BAB I PENDAHULUAN A. Latar Belakang Masalah - AVIX SYAIFUL ANWAR BAB I

BAB I PENDAHULUAN A. Latar Belakang Masalah Perkembangan yang pesat dalam berbagai bidang kehidupan manusia,

  yang meliputi bidang ekonomi, tehnologi, sosial dan budaya serta bidang bidang yang lain telah membawa pengaruh yang besar bagi manusia itu sendiri. Kahidupan yang sulit dan komplek dengan meningkatnya kebutuhan menyebabkan bertambahnya stressor psikososial telah menyebabkan manusia tidak mampu menghindari tekanan tekanan hidup yang dialami. Kondisi kritis ini membawa dampak terhadap peningkatan kwalitas maupun kwantitas penyakit mental-emosional manusia (Hidayati,2000).

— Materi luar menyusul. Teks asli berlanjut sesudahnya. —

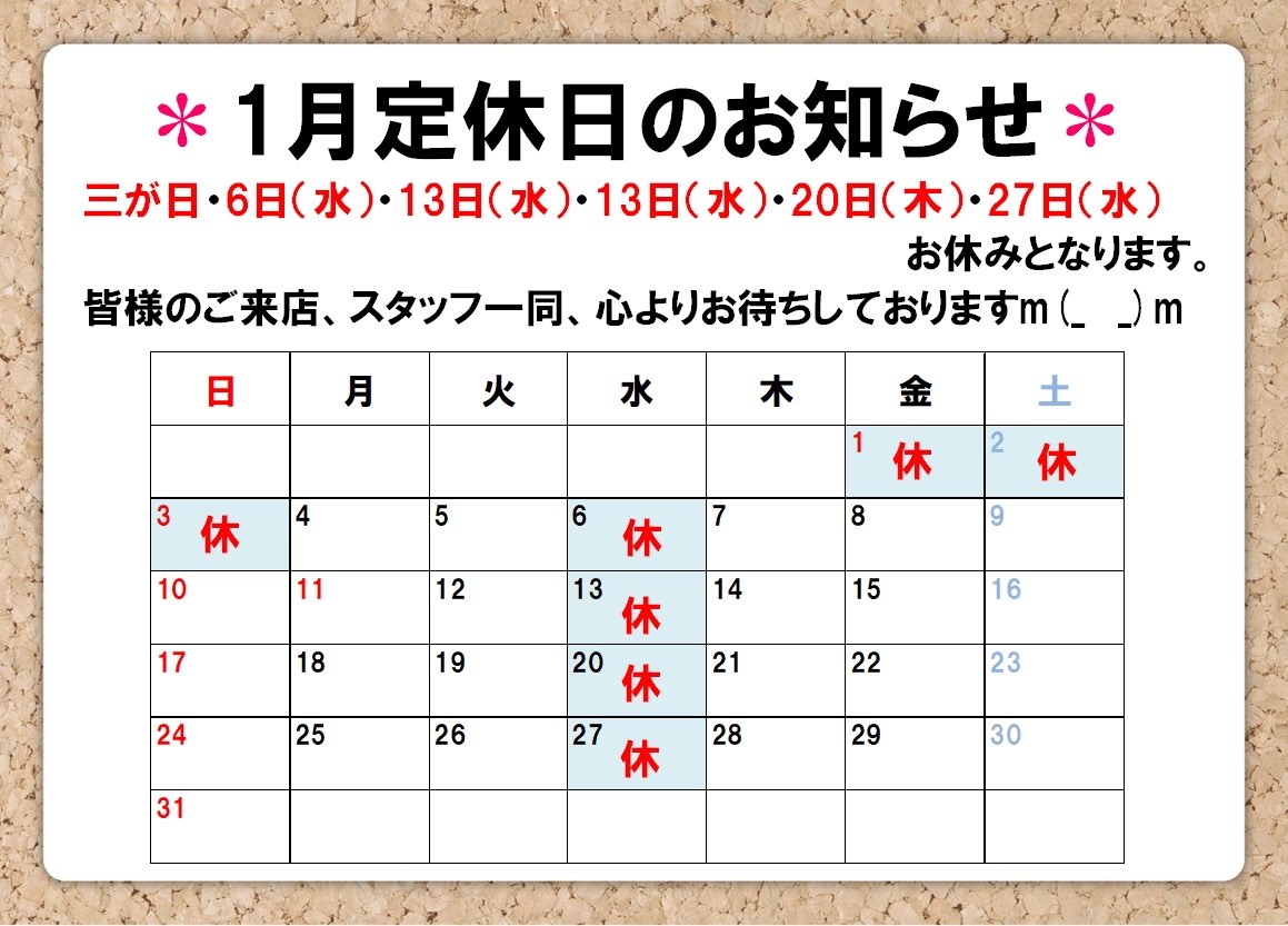 1月定休日のご案内

  Menurut WHO pada tahun 2001 kira–kira 450 juta orang dewasa dari populasi dunia mengalami gangguan jiwa (Admin, 2007). Kasus penyakit mental emosional yang bersifat universal yang angka prevalensinya semakin meningkat di masyarakat adalah skizofrenia (Ditkeswa, 1983). Penelitian epidemiologi didapatkan bahwa insiden skizofrenia dalam masyarakat adalah berkisar antara 0,3 sampai 0,6 tiap 1000 penduduk, dan prevalensinya sekitar 4 per 1000 (Wicaksana,1991). Sementara menurut Maramis (1994) insiden skizoprenia diseluruh dunia diperkirakan antara 0,2 – 0,8 pertahun.

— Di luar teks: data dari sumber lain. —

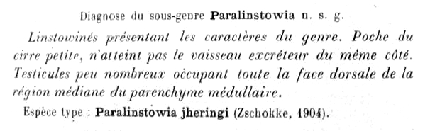 | Scientific Name Notes | Spasskii (1951) also lists LInstowia brasiliensis Janicki, 1904 and Oochoristica brasiliensis (Janicki, 1904) Baer, 1924 as junior synonyms of Paralinstowia iheringi. |
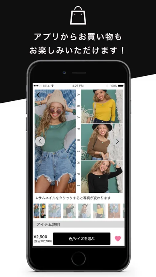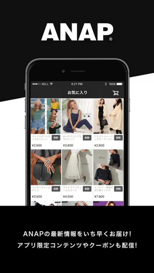 アプリ限定クーポン等のおトクな情報はもちろん、気になったアイテムはアプリでそのまま購入可能!また、トレンドの最旬コーデもアプリからチェックできます!ANAPの最新情報をアプリでいち早くチェックしよう!!

  Gangguan jiwa dibagi menjadi dua bagian besar, yaitu gangguan jiwa ringan (Neurosa) dan gangguan jiwa berat (Psikosis). Psikosis ada 2 jenis yaitu psikosis organik, dimana didapatkan kelainan pada otak dan psikosis

  1

  

fungsional, tidak terdapat kelainan pada otak. Psikosis sebagai salah satu

  bentuk gangguan jiwa merupakan ketidakmampuan untuk berkomunikasi atau mengenali realitas yang menimbulkan kesukaran dalam kemampuan seseorang untuk berperan sebagaimana mestinya dalam kehidupan sehari – hari. Tanda dan gejala psikosis antara lain : perilaku regresi, perasaan tidak sesuai, berkurangnya pengawasan-pengawasan terhadap impul-impul, waham dan halusinasi .

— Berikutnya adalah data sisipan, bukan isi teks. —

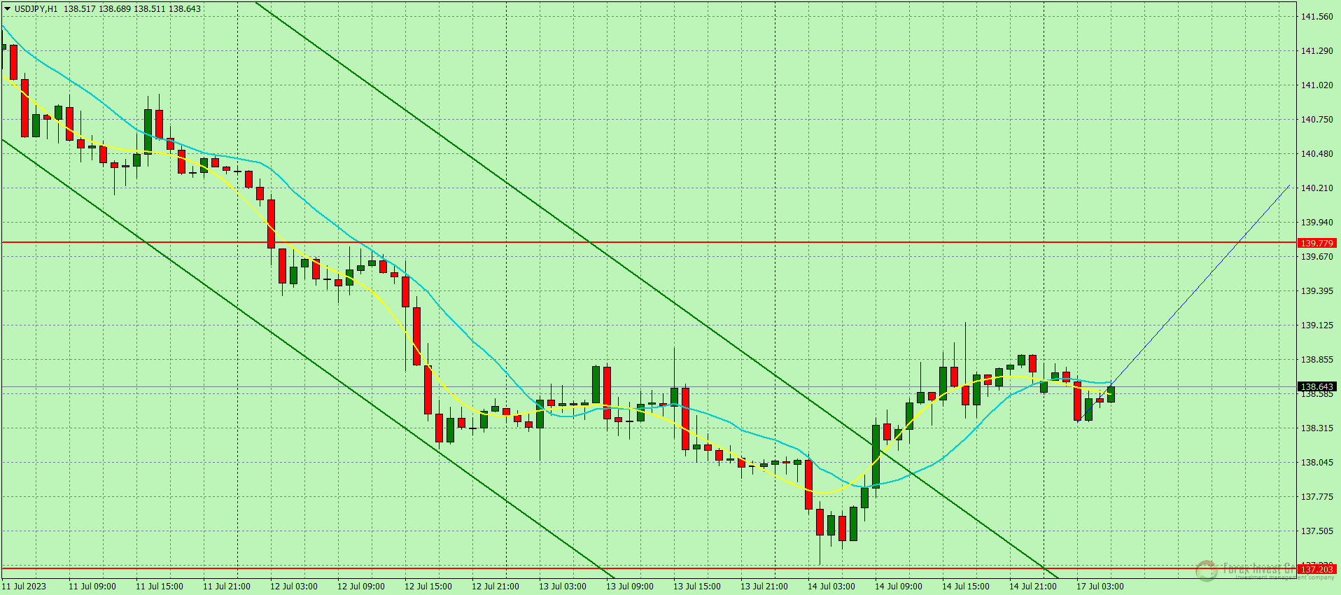 Цена пробила верхнюю границу нисходящего канала и может продолжить рост к уровням около 140.00 иен за доллар.

  Salah satu gejala psikosis yang dialami penderita gangguan jiwa adalah

  

halusinasi yang merupakan gangguan persepsi dimana klien mempersepsikan

  sesuatu yang sebenarnya tidak terjadi (Maramis, 2005). Halusinasi merupakan persepsi sensorik penglihatan, sentuh, pendengaran, penghidu / pengecap tanpa rangsang luar (Dorland, 1998). Menurut Stuart dan Sundeen (1995), 70% halusinasi adalah halusinasi auditorik, 20% halusinasi visual, 10% halusinasi pengecapan, taktil dan penciuman.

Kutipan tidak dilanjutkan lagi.